== Information shown ==
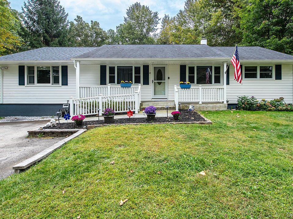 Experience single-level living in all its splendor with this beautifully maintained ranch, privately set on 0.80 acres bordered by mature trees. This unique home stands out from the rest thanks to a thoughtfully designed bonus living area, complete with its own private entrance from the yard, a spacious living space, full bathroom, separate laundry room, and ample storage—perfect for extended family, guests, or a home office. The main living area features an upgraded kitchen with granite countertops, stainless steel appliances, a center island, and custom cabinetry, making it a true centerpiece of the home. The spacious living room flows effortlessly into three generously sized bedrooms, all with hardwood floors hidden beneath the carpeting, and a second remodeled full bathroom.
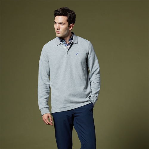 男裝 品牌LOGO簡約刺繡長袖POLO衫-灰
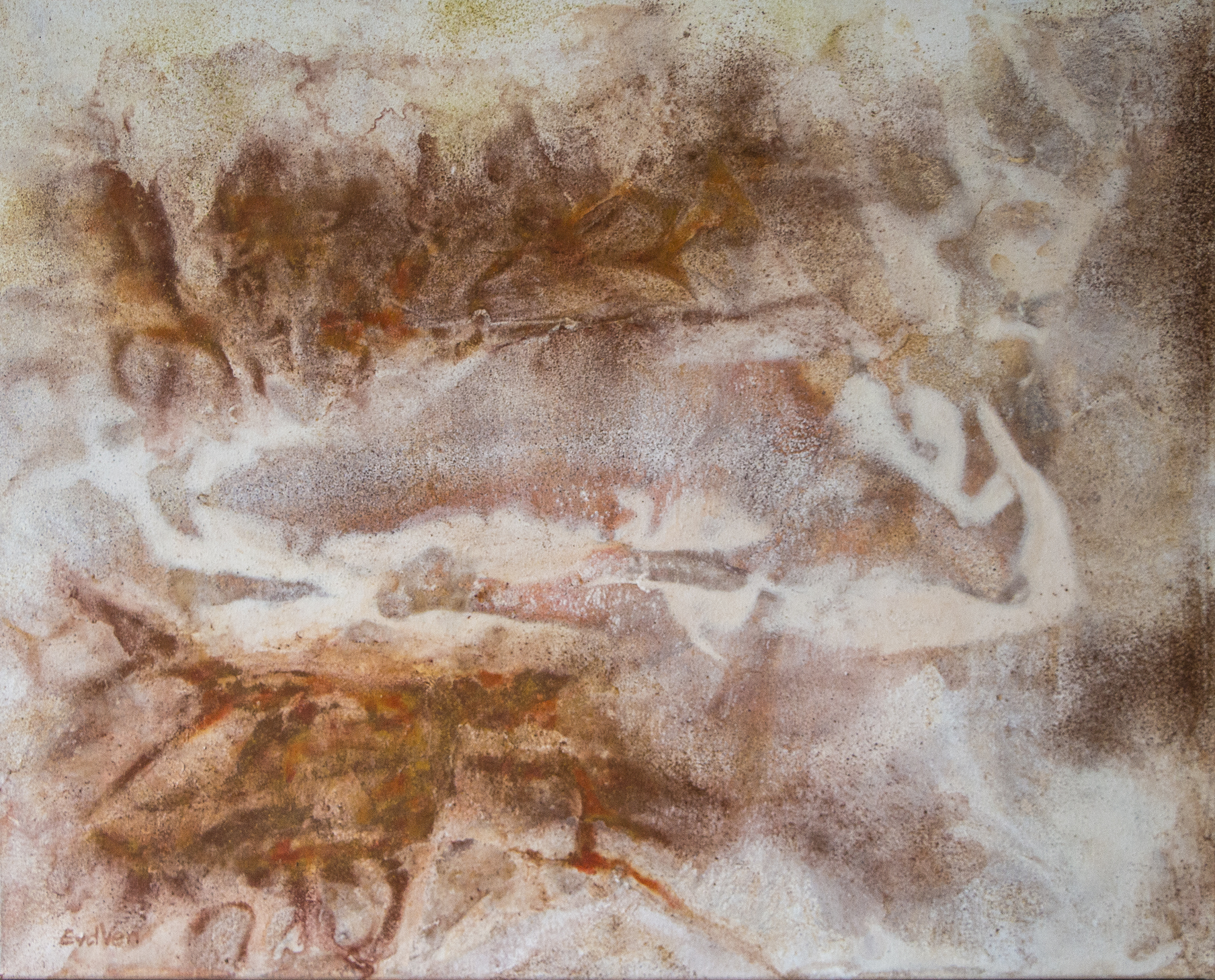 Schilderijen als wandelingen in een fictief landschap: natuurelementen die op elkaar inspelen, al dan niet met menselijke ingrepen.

== Your assignment ==
Reproduce the full listing faithfully, but do not carry over any pictures.

== Expected output ==
 Experience single-level living in all its splendor with this beautifully maintained ranch, privately set on 0.80 acres bordered by mature trees. This unique home stands out from the rest thanks to a thoughtfully designed bonus living area, complete with its own private entrance from the yard, a spacious living space, full bathroom, separate laundry room, and ample storage—perfect for extended family, guests, or a home office. The main living area features an upgraded kitchen with granite countertops, stainless steel appliances, a center island, and custom cabinetry, making it a true centerpiece of the home. The spacious living room flows effortlessly into three generously sized bedrooms, all with hardwood floors hidden beneath the carpeting, and a second remodeled full bathroom.
 男裝 品牌LOGO簡約刺繡長袖POLO衫-灰
 Schilderijen als wandelingen in een fictief landschap: natuurelementen die op elkaar inspelen, al dan niet met menselijke ingrepen.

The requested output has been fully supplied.